На кладбище царила полная тишина. Шаухал невольно замедлил шаг. Пока шёл по берегу реки, ничего не боялся. Даже на мосту не испугался пьяных немцев. А вот здесь, на кладбище, почему-то страшно. Хоть и нет никого вокруг, а страшно. Каждый шумок, каждый вздох ветерка заставляет настораживаться и вертеть головой то вправо, то влево.
Вот и часовня. Шаухал нерешительными шагами подходит к ней. И вдруг — голос:
— Здравствуй, Шау!
У Шаухала подкосились ноги. Оглянулся — и сразу отлегло от сердца: перед ним стоит учитель Темир. Стоит и улыбается.
— А я тебя давно жду. Вчера в это же время ждал. Позавчера ждал. Ну конечно, не обязательно тебя, но кто-то должен был прийти и принести мне хорошие вести…
Шаухал растерялся. Всё случилось мгновенно и неожиданно. Трудно сразу сообразить, что к чему. Каким образом учитель Темир оказался здесь? Что его привело на это старое кладбище? Алыкка об учителе не упомянул…
И Темир, видно, понял состояние своего бывшего ученика.
— Итак, Царгусов, мы после долгой разлуки встретились вновь, — спокойно проговорил он, присаживаясь на чёрный камень. — Ты, конечно, и не думал меня здесь увидеть? Но ведь сейчас война, а на войне всюду неожиданности, как в приключенческом романе.
— Учитель… учитель… — бормочет Шаухал растерянно, не зная, что сказать в ответ. — Я… я пришёл… Я гулял и…
— Успокойся, сынок, — прервал его Темир. — Я сейчас тебе скажу несколько слов, и ты поймёшь, что я здесь не случайно оказался.
Шаухал переминался с ноги на ногу — точь-в-точь как в классе у доски, когда отвечал урок.
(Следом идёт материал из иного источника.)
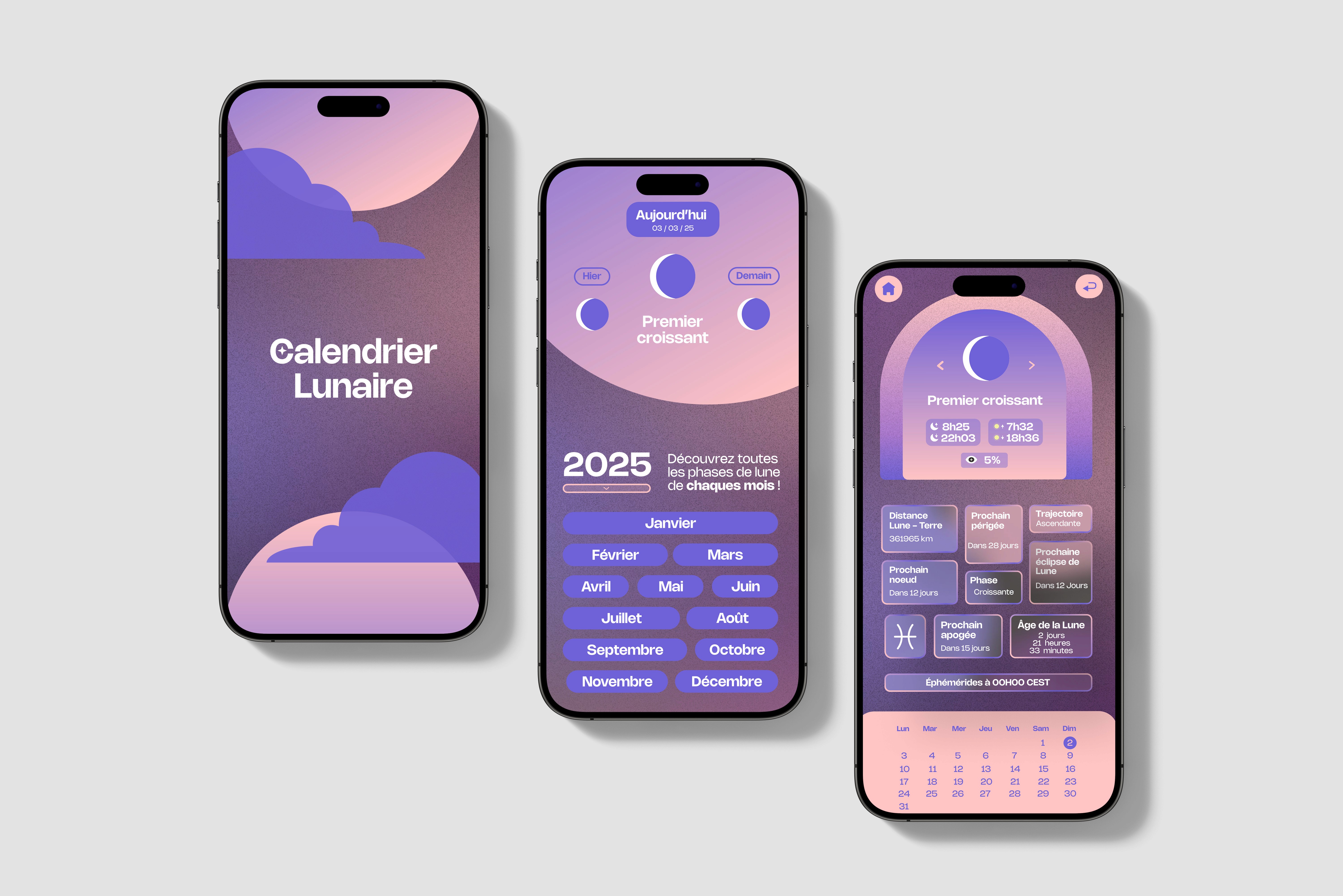 Étant moi-même peu documenté sur l’univers des calendriers lunaires, j’ai rencontré des difficultés pour déterminer quelles informations étaient essentielles et lesquelles pouvaient être secondaires. Cette étape a nécessité de nombreuses recherches et de consulter plusieurs sources afin de hiérarchiser les données et de proposer un contenu à la fois précis, clair et accessible pour les utilisateurs.

Это уже привычка — робеть перед своим учителем.
— Тебе, Шаухал, я знаю, тринадцать лет. Ты давно стал партизаном и помогаешь нашему боевому другу Алыкке. Раньше здесь, на кладбище, мы встречались с Тотрбеком. С тем самым человеком, который однажды ночевал у тебя на чердаке. Но вот уже три дня, как Тотрбека нет. Что с ним?
— Я не знаю…
— Я тоже не знаю. Но мне нужны вести от Алыкки. Это ведь он послал тебя сюда?
Теперь бояться было нечего. Ясно, что учитель Темир — свой человек. Он всё знает про Алыкку, даже знает, как зовут того самого связного. Значит, учитель — друг!
В этом Шаухал уже не мог сомневаться.
Вспомнил он и слова тёти Рацца о том, что учитель на подозрении у полицаев. Значит, люди правду говорят. От людей ничего не скроешь…
— Меня послал Алыкка, но он не говорил о том, что вы тут будете…
— И правильно! Уже три дня, как не появлялся связной. Алыкке неизвестно, здесь я сейчас или нет. Он так думал: если я приду и увижу Шау Царгусова, я сразу пойму, почему Шау Царгусов прогуливается на этом старом кладбище. Если же я не приду, то Шау Царгусов, выполняя приказ, бросит что нужно вот в это отверстие. — Учитель указал на щель между чёрным камнем и кирпичной стеной часовни. — Не так ли, Шау?
— Да, конечно, — смущаясь, заулыбался Шаухал.
— А теперь давай мне скорее то, с чем пришёл. Где оно — за пазухой?
Шаухал молча снял с левой ноги арчиту и вынул конверт.
— Вот. — Он протянул его Темиру. — Возьмите, учитель, хотя я не знаю, правильно ли выполнил приказ.
Учитель словно не слышал его слов. Схватил конверт, разорвал, вынул листок.
— Так… так, — повторял он, пробегая глазами строчки, — так… запомним! Учтём!
Окончив читать, он вынул из кармана спички, и через секунду от конверта и важного донесения осталась только небольшая кучка пепла.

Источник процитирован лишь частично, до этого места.